自分でも驚くほど長い呼吸になる場合がある。たとえばヘイキュウで長〜く吸っている。もうそろそろ苦しくなるなと思うところで折り返し、カイコとつぶやきつつ吐いていく。これはこれで素晴らしい呼吸法だと思う。
虚呼吸を使う
このとき虚呼吸を使うと、さらにハイレベルな呼吸体験を得られる。虚呼吸は実呼吸に対する概念だ。実際に空気が入ったり出たりするのが実呼吸、空気の出入りはないけれども身体が吸うあるいは吐く態勢のときを虚呼吸と呼ぶ。
たとえば息を吸いきった状態で、喉を開けたまま一瞬空気の動きを止めてみよう。そのとき、身体は吸気の運動を続けている。そうでなければ空気が勝手に出ていってしまうはずだ。この「吸っているのに空気が入って来ない」状態を虚吸気と呼ぶのだ。

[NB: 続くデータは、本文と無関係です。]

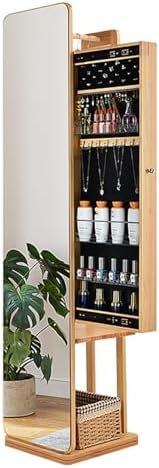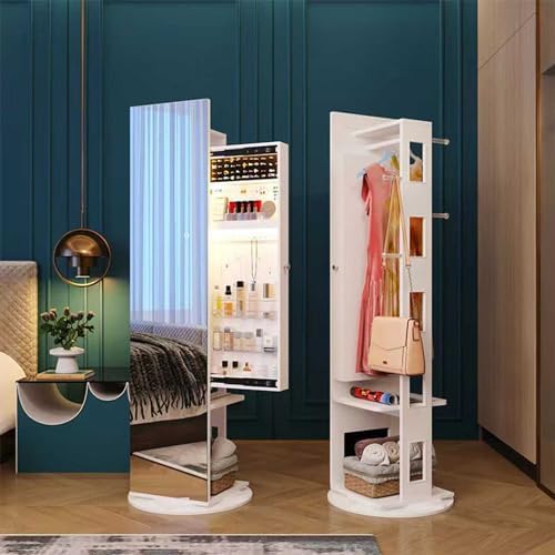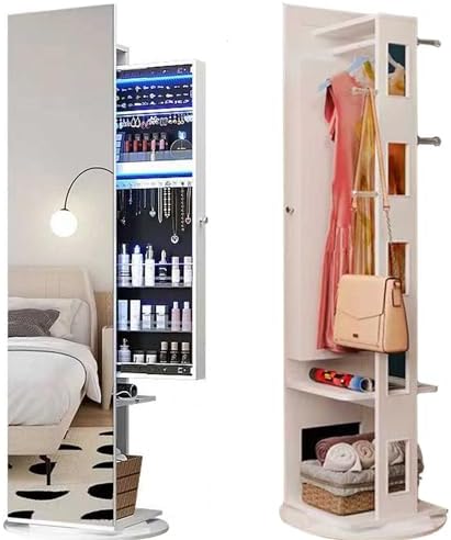 HHkcvv Full Length Mirror Jewelry Cabinet with 360° Swivel Sliding Storage Standing Coat Rack & Shelves for Jewelry & Accessory Organization Stylish Hkcvvisplay Unit

吐く場合も同様である。息を吐ききった状態で、喉を開けたまま一瞬空気の動きを止める。身体は吐く運動を続けているが、空気は出ていない。これが虚呼気である。吸いきった状態でも吐ききった状態でも、喉を開けて空気の動きを止める時間を長くしていくと、いっそう虚呼吸がよく理解できるはずだ。
虚実分立から継息へ
それをさらに進めると、「吸っているのに空気が出る」「吐いているのに空気が入る」という逆転状態も体験できる。少しやってみよう。ヘイキュウと唱えながら仙節へ向かって閉じながら吸っていく。そして意識では「閉吸」を続けながら、身体では空気を出していくのだ。つまり虚吸気で実呼気という状態になる。これを虚実分立と呼ぶ。
けっして簡単なテクニックではないので、取り組む場合は時間をかけて自己観察していただきたい。虚実分立ができるようになると、吸気も呼気も(理論的には)無限に伸ばしていくことができる。どうしてそんなことが起きるのか。
たとえば2分間息を吸うとしよう。ふつうは2分も吸い続けることはできないだろう。しかし途中に虚吸気をはさむ。つまり意識は2分間吸い続けている、実際には途中で息をつぐのだ。「もう吸えない」という限界が来たら、少しだけ息をもらして、そこからまた吸い始める。一瞬の実呼気を入れるが、意識は吸い続けているわけだ。
このテクニックを継息(けいそく)と呼ぶ。これを使えば5分でも10分でも吸い続けることができる。吐くのも同様だ。さあこれから30分吐こうということも、やる気になればできる。ようするに身体の呼吸と、意識の呼吸を別々に操作するのである。
虚実分立はじつに奥深い技術である。本来は身体運動と意識運動を別々に操作するためのものだが、ここではこれ以上深入りしない。ひとまず立位の閉吸開呼をゆったり行なうことに使ってみていただきたい。